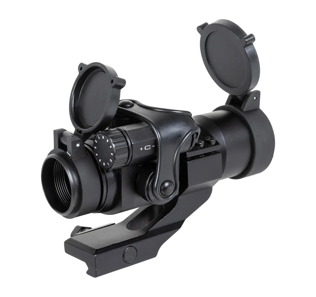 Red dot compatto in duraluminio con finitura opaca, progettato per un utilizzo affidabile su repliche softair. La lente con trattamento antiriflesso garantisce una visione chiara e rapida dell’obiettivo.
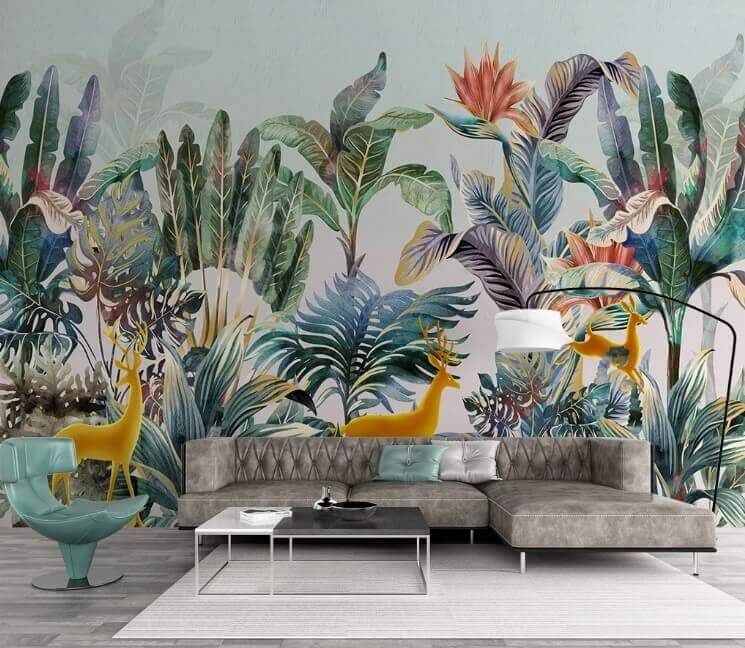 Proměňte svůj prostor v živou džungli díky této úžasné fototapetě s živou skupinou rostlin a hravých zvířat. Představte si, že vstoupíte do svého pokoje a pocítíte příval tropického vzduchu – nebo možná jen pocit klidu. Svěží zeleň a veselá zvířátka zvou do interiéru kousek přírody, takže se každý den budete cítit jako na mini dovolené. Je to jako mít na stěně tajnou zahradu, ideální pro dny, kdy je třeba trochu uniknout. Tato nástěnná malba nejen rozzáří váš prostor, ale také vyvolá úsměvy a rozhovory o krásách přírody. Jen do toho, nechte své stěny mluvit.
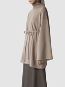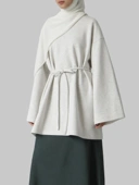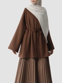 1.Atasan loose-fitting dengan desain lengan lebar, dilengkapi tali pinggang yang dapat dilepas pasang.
——————
The expected answer is an unaltered copy of the listing, images removed.

▸ **Response to the task**
 Red dot compatto in duraluminio con finitura opaca, progettato per un utilizzo affidabile su repliche softair. La lente con trattamento antiriflesso garantisce una visione chiara e rapida dell’obiettivo.
 Proměňte svůj prostor v živou džungli díky této úžasné fototapetě s živou skupinou rostlin a hravých zvířat. Představte si, že vstoupíte do svého pokoje a pocítíte příval tropického vzduchu – nebo možná jen pocit klidu. Svěží zeleň a veselá zvířátka zvou do interiéru kousek přírody, takže se každý den budete cítit jako na mini dovolené. Je to jako mít na stěně tajnou zahradu, ideální pro dny, kdy je třeba trochu uniknout. Tato nástěnná malba nejen rozzáří váš prostor, ale také vyvolá úsměvy a rozhovory o krásách přírody. Jen do toho, nechte své stěny mluvit.
 1.Atasan loose-fitting dengan desain lengan lebar, dilengkapi tali pinggang yang dapat dilepas pasang.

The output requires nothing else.